In addition to intermolecular interactions, numerous intramolecular interactions were identified, playing a crucial role in complex stability. In the Dy-HMBS-2 and Ni-HMBS complexes, repulsive interactions between neighboring NO3 ions were counterbalanced by a predominant number of attractive interactions, stabilizing the complex structure. In contrast, intramolecular interactions between NO3 ions in Dy-HMBS-1 were not observed due to the presence of a water molecule between them. The primary stabilizing factor in Dy-HMBS-1 was the coordination bonding between ligands and two Dy(III) ions.
Electrostatic intramolecular interactions, hydrogen bonds, and hydrophobic interactions varied depending on the ionic radius of the central metal ion, the number and type of ligands, and their spatial orientation. The Dy3+ ion, with a high crystal radius (122.3 pm [1]), prevented intramolecular interactions between axially oriented NO3 ions and two equatorial HMBS ligands in the Dy-HMBS-1 and Dy-HMBS-2 complexes. In contrast, Er3+, with a significantly lower effective ionic radius (106.2 pm), engaged in electrostatic interactions between NO3 ions and the N-H+ groups of the chelating ring in Er-HMBS.
The Ni2+ ion, with a low crystal radius (83 pm), facilitated intramolecular π-π stacking interactions within the Ni-HMBS complex due to parallel ligand orientation.
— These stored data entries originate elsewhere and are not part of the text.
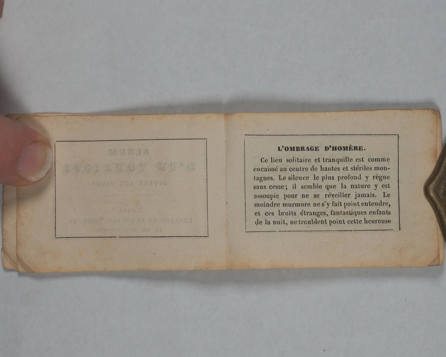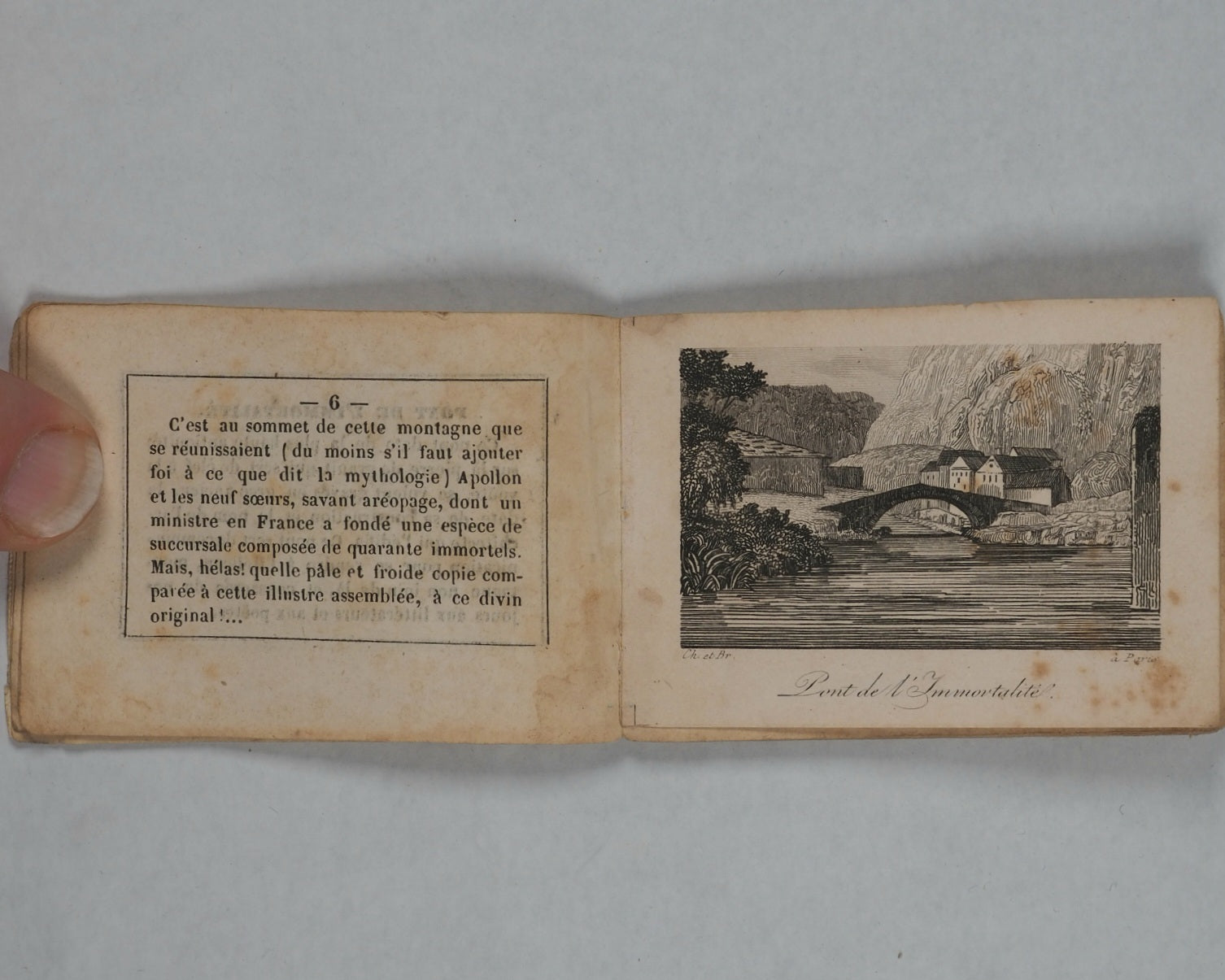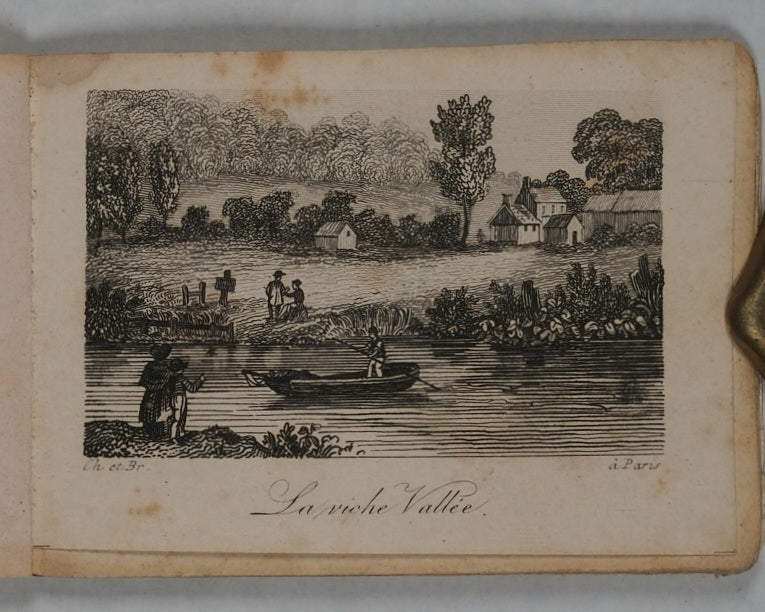 20 pages in French. 5 engravings, signed in the plate, Chezaud et Braulart, Paris. Printed by Dondey-Dupré, Rue St-Louis, 46, au Marais. No inscriptions. 66 x 46 mm. Original yellow glossy paper wrappers. Foot of spine slightly worn, covers slightly creased, edges with a few minuscule closed tears, and corners folded. Not in Bondy, nor Spielmann, nor Welsh. OCLC, 958830926. WorldCat records one sole copy worldwide at the Pierpont Morgan Library. The locations described and illustrated are romantic and imaginary idylls, such as the Immortal Bridge and the Lush Valley. The final page mentions seventeenth century painters Teniers and Paul Potter and their love of pastoral nature. This is a rare and beautifully illustrated miniature book in its original publisher's wrappers.
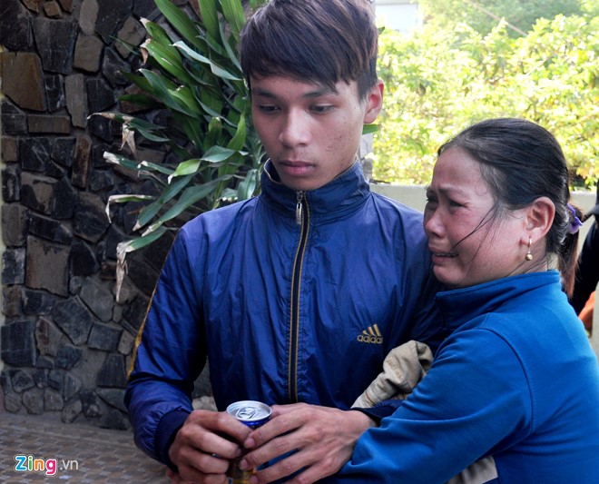 Bà Năng òa khóc ôm con trai Võ Văn Cầu(17 tuổi) vừa thoát nạn từ vùng biển Hoàng Sa trở về. Ảnh: Minh Hoàng.
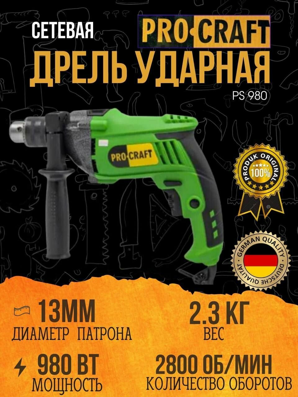 Дрели и шуруповерты Дрель электрическая ударная PROCRAFT PS980
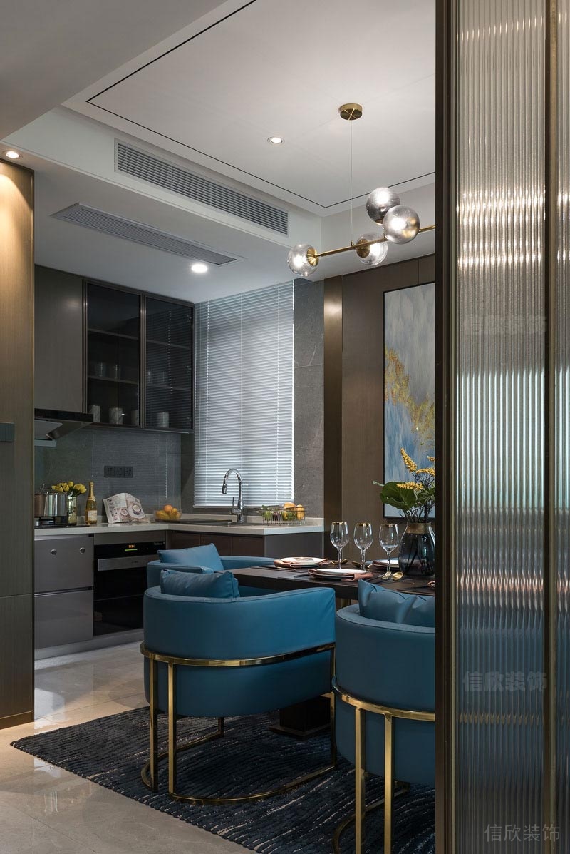 深圳市南山區(qū)星都·梅沙天邸餐廳 開放式廚房的設(shè)計,符合現(xiàn)代開闊大氣的理念,同時空間顯得寬敞而不局限,深色的餐桌,線條優(yōu)美的藍色餐椅,讓整個餐廳立馬變的活潑起來,并且?guī)в袣W式貴族范的優(yōu)雅品質(zhì)。

Conversely, the V5+ ion, possessing the smallest effective ionic radius (48 pm), did not form intramolecular interactions due to ligand positioning. The experimental and theoretical coordination bond lengths (Tables S8–S11) correlated well with the ionic radii. The Dy3+-NO3 coordination bonds in Dy-HMBS-1 and Dy-HMBS-2 measured approximately ~2.5 Å, whereas the Er3+-NO3 distances averaged 2.4 Å. The Ni2+ coordination distances in Ni-HMBS were around 2.1 Å, while the V5+-O2− bond lengths were even shorter, averaging 1.6 Å.

3. Materials and Methods

3.1. Cambridge Structural Database (CSD) Search

To select complexes for analysis, a search in the Cambridge Structural Database (CSD (November 2020 release, version 5.42)) [48] was conducted for various metal complexes with the 2-Hydroxy-3-methoxybenzaldehyde semicarbazone ligand. A CSD search was performed using the ConQuest 2021.2.0 program [49], satisfying the following criteria: (a) a crystallographic R factor below 10%, (b) error-free coordinates, and (c) no polymer structures. The structures were visualized by using Mercury v 3.0 [50]. For further analysis, five structures with different metals and charges were selected.

3.2. Hirshfeld Surface Analysis

The intermolecular interactions in the crystallographic structure are crucial in determining its properties. In this study, the CrystalExplorer program [51] was employed for Hirshfeld surface analysis. The interactions were visualized using a graphical representation of two distances: de, the distance to the nearest nucleus outside the surface, and di, the distance to the nearest nucleus inside the surface [29,52]. These points were colored by comparing the van der Waals separation between nuclei. The normalized distances for BAKTOZ, BAKTUF, BAKVAN, BEGSE03, and the GILQAV crystal structures were between −0.7099 (red) and 1.4918 (blue), −0.3852 (red) and 1.3848 (blue), −0.2003 (red) and 1.3830 (blue), −0.6970 (red) and 1.6551 (blue), and −0.6034 (red) and 1.7615 (blue), respectively. The fingerprint plots for the selected interactions are given as the Supplementary Material.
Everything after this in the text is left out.